For the first time in 46 years, Notre Dame is coming to Oklahoma. The two proud programs will meet for the 10th time in Norman on Oct. 27. Even though the game is still months away, SoonerNation checked in with ESPN.com Notre Dame blogger Matt Fortuna to talk about what figures to be one of OU’s biggest non-conference home games of the Bob Stoops era.
Jake Trotter: Notre Dame plays so many high-profile games. So how big is this game in Norman for the Irish and their fans?
Matt Fortuna: Jake, at this stage of the summer I would say this one is right up at the top with the annual USC game. (Irish fans would like nothing more than to knock a potentially undefeated Trojans team out of the title race in the regular-season finale.) Notre Dame and Oklahoma are two of the 10 winningest programs in college football history. Great traditions, great uniforms and great history between each other. The fact they haven't played each other in so long adds to the intrigue, but the history shouldn't be lost. Those far older than us will recall that the Irish snapped the Sooners' 57-game winning streak in 1957, a streak that began following another loss to Notre Dame, in the 1953 opener. Oklahoma has never beaten Notre Dame at home, but the Sooners' 40-0 win in 1956 marks the biggest home defeat in Irish history.
Trotter: Other than annual tilts with rivals USC and Michigan, OU will be Notre Dame's biggest road game since when?
Fortuna: I was in the stands for it, but the first one that comes to mind would be the 2007 game at Penn State. Notre Dame crushed its former independent rival a year earlier in South Bend, the schools' first meeting since Penn State joined the Big Ten. The 2007 game, following the Irish's blowout loss to Georgia Tech a week earlier, had a lot riding on it at the time. Jimmy Clausen, then in just his second week of college football, was making his first career start, and the now-infamous Beaver Stadium "White House" made its debut across the entire stadium. The game itself? A bit of a snoozer, so here's hoping the Irish's trip to Norman lives up to the hype.
Trotter: Who will be quarterbacking the Irish on Oct. 27?
Fortuna: Thanks for easing into this one.

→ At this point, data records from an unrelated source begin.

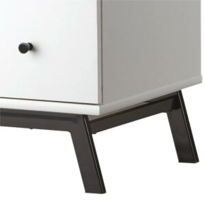 – White, non-toxic finish on the laminated particleboard chassis contrasts the black, powder-coated, angled metal base. Durable metal drawer slides have built-in stops for safety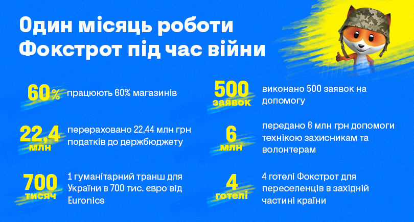 Фокстрот підбив результати роботи зі збереження бізнесу та допомоги Україні у перший місяць війни. За словами виконавчого директора Фокстрот Олексія Зозулі, компанія з перших днів війни поставила перед собою чотири задачі та створила штаб із їх реалізації.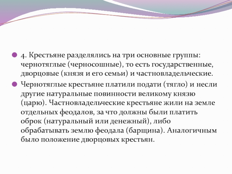 Слайд 164. Крестьяне разделялись на три основные группы: чернотяглые (черносошные), то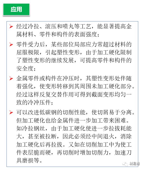 金属材料的强化途径有两个,一是提高合金的原子间结合力,提高其理论强度,并制得无缺陷的完整晶体,如晶须。已知铁的晶须强度接近理论值,可认为这是因为晶须中没有位错,或只包含少量在形变过程中不能增殖的位错。可惜当晶须的直径较大时,强度会急剧下降。另一个是向晶体内引入大量晶体缺陷,如位错、点缺陷、异类原子、晶界、高度弥散的质点或不均匀性(如偏聚)等,这些缺陷阻碍位错运动,也会明显地提高金属强度。事实证明,这是提高金属强度最有效的途径。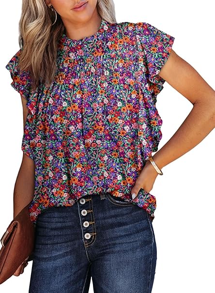 Dokotoo Womens Summer Tops Casual Crewneck Floral Print Shirts Smocked Ruffle Short Sleeve Babydoll Blouses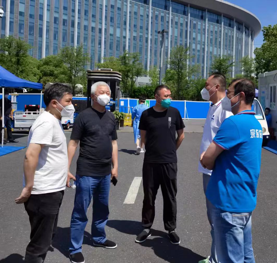 5月31日,上海地產(chǎn)(集團(tuán))有限公司領(lǐng)導(dǎo)來到國家會展中心方艙醫(yī)院看望慰問宗保公司員工,宗保公司董事長王耀全程陪同。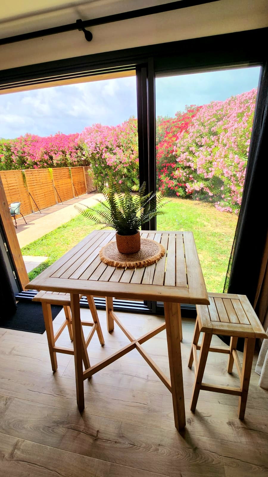 Et donem la benvinguda al nostre nou allotjament amb aire condicionat, situat al cor d'un jardí privat tancat i envoltat d'oleandres. Gaudeix d'un espai modern i acollidor per a dues persones, a 3 minuts en cotxe de la platja i de tots els serveis: supermercat, farmàcia, restaurants. A la teva disposició, la cuina està equipada amb vitroceràmica, microones, nevera, rentadora, cafetera exprés i bullidor. TV de pantalla gran, bany de luxe i dutxa 90X120, assecador de cabells, jocs, gandules, taula i butaques a l'aire lliure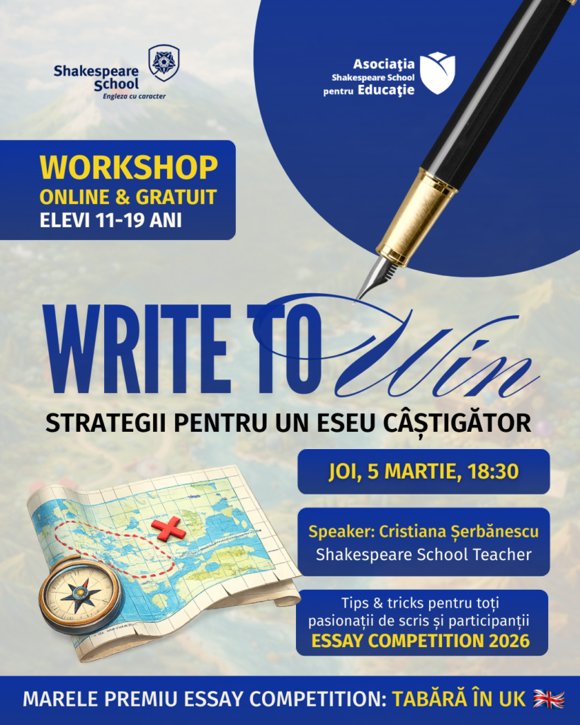 Înscrie-te la a 18-a ediție Shakespeare School Essay Competition și lasă-ți talentul să vorbească! Tot ce ai nevoie este creativitate, originalitate și pasiune.

I have marked Andrew Hendrix as the starter since Brian Kelly said it would be an open competition at the beginning of the spring, but Everett Golson's strong spring game -- coupled with the other three's turnovers -- makes me think more and more that he could be the guy come Week 1. Tommy Rees' experience gives him a shot, but his lack of mobility, last year's turnovers and this spring's arrest will probably make it an uphill battle for him.

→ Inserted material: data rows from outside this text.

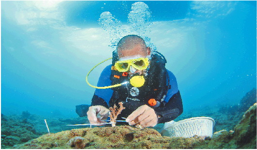 “今天插下‘一棵树’,未来长成一片珊瑚海。”近年来,在我国科研人员持续努力下,三亚市蜈支洲岛海域已种植珊瑚超3万株,修复海域面积约5万平方米。黄晖带领团队已在南海海床种植了20多万平方米珊瑚。陈宏团队在一些海域已培育23万株珊瑚……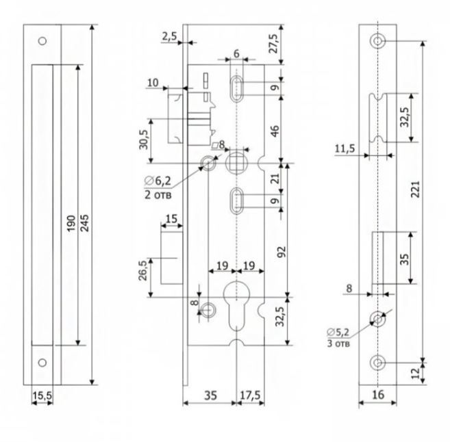 Гардиан PROFI 35.11.16 б/о без ц/м, м/о 92 мм Замок врезной б/руч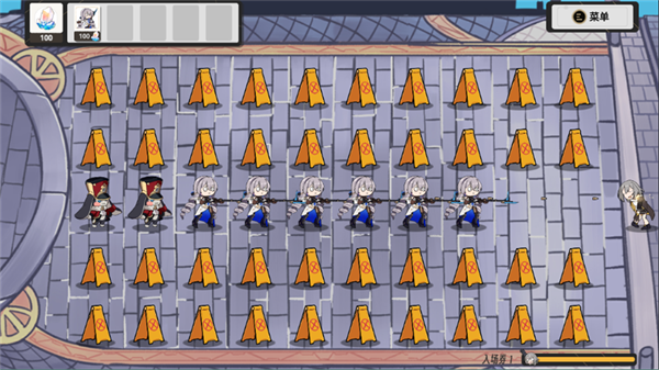 1.主要的玩法就是在场景之中放置角色,并由此对抗垃圾桶军团,保卫贝洛伯格城的安全。

Trotter: What has to happen for Notre Dame to have a chance of knocking off the Sooners?
Fortuna: As always, it comes down to limiting the mistakes on the offensive end. And, once again, that comes back to quarterback play. The Irish probably should have won 10 or 11 games last season but shot themselves in the foot so often by giving the ball away. If they can limit the turnovers and get some of their running backs and slot receivers into open space, they will give themselves a chance at pulling the upset. (They also better hope Charlie Weis doesn't share any secrets with the Sooners during their matchup the preceding week.)
Trotter: Where can OU most exploit Notre Dame?
Fortuna: Simply, the secondary. Jamoris Slaughter and Zeke Motta are good safeties, but Notre Dame is breaking in two cornerbacks with no starting experience this season. Could Slaughter play some emergency corner? Sure, but that's less likely now that Austin Collinsworth, the Irish's third safety, is probably out for the year with a shoulder injury. If Notre Dame's talented front seven can't generate enough pressure on Landry Jones, and if Jones plays the way we all think he is capable of playing, that could spell trouble for the Irish.